As you get ready for the festival, Tracy Parmer, development manager of Walla Walla Valley Wine recommends dressing in layers. She notes, “Make sure you’re prepared to enjoy your time, regardless of what mother nature is serving. Crowded indoor spaces can make for a warm setting, and getting overheated can ruin a lovely tasting experience. On the flip side, many events are hosted outdoors, and the fine print usually says rain or shine.” 

Also, review the event’s website so you know whether you can bring items like a water bottle, lawn chairs or outside food to the event.. While events and vendors often distribute bags, bring along a bag to carry around any papers or gifts you collect just in case. In addition, download any applicable event apps so you can make note of any last-minute changes to event scheduling.

Navigating the Festival  

When you’re checking into the festival, be sure to photograph any raffle or coat check tickets. The odds of losing these tickets (or mistaking them for a drink ticket) are such that it’s better to be safe than sorry.  

During the event, Kelly Woodcock, partner and vice president of guest experience & whiskey club at Westward Whiskey, recommends drinking lots of water and factoring in both sun exposure and heat when calculating how much to drink. Also, she looks for drinks that aren’t spirit-forward. “I like to drink things like highballs and spritz drinks when I’m at a long festival—it helps ensure I’m not drinking too much too quickly.” In a similar vein, Daisy-Ensign suggests tasting from lower to higher ABV (alcohol by volume) to reduce the likelihood that your palate will be fatigued. 

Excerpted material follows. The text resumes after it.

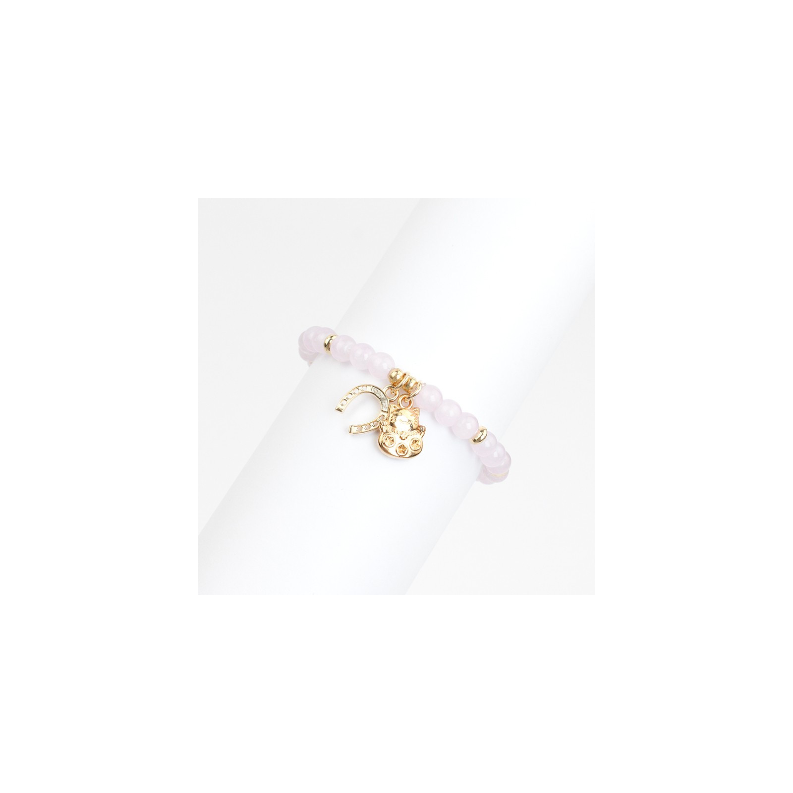 Pulsera elástica de bolitas de vidrio energéticas combinadas con piezas pasantes de CCB y dijes exclusivos.

Jaime Dutton, the executive director at Pressoir Wine, an organization that produces the annual La Paulée, La Fête du Champagne and La Tablée wine festivals, encourages attendees not to be afraid of an empty table. “Think of it as an open table,” she says. Conversely, Dutton recommends being mindful of those tables where people are crowding. “Keep an eye on that space. The line will probably never die down until it is out of what was so exciting to everyone. But the crowd will surely ebb and flow throughout the event.” 

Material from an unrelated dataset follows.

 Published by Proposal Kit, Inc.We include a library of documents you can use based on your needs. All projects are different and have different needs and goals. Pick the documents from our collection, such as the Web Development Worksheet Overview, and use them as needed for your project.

Along those lines, don’t get stuck at one table or feel obliged to taste all the offerings. Woodcock says that you don’t have to (and shouldn’t) finish everything. “Take a sip or a bite, and move on. Finishing drinks will quickly lead to overconsumption, which is always a bad look.” 

When going from a white wine or a light beer or cider to a red wine or a dark beer or cider, you don’t need to rinse your glass. But when going from dark to light, it’s best to give your glass a quick rinse. Also, don’t feel like you must taste all of the lighter drinks before starting on the more full-bodied pours. As Dutton notes, “In  Burgundy, you often taste reds first (à la bourguignonne), and switching back and forth can help avoid fatigue and reset your palate.” 

During the event, Parmer advises taking notes and photos so you can remember what you like. “Ask questions, take photos of your favorite bottles, jot down information and capture tasting notes. A full evening of tasting generates a lot of information and can be hard to remember the next day—don’t lose track of your favorites!” 

Many festival events have a to-go bottle/can shop that will offer you a selection of limited releases that may be hard to find elsewhere. According to Daisy-Ensign, “Shopping on-site supports the producers participating in the event, as well as giving you a perfect parting gift to your experience and can encourage you to feel great about leaving the event early.” She also suggests having a designated driver or hiring a transportation service, as having your ride home handled ensures you’ll truly enjoy your tasting. 

Post-Festival Protocol

Once the festival is over and you had a good experience, Hoyle recommends leaving positive reviews to help the festival grow. “Only leave a negative comment if there’s something that people need to know about, like no water stations, or something that the producers forgot that is crucial to event-goers. People searching for fun events are more likely to see the festival when they do a Google search.”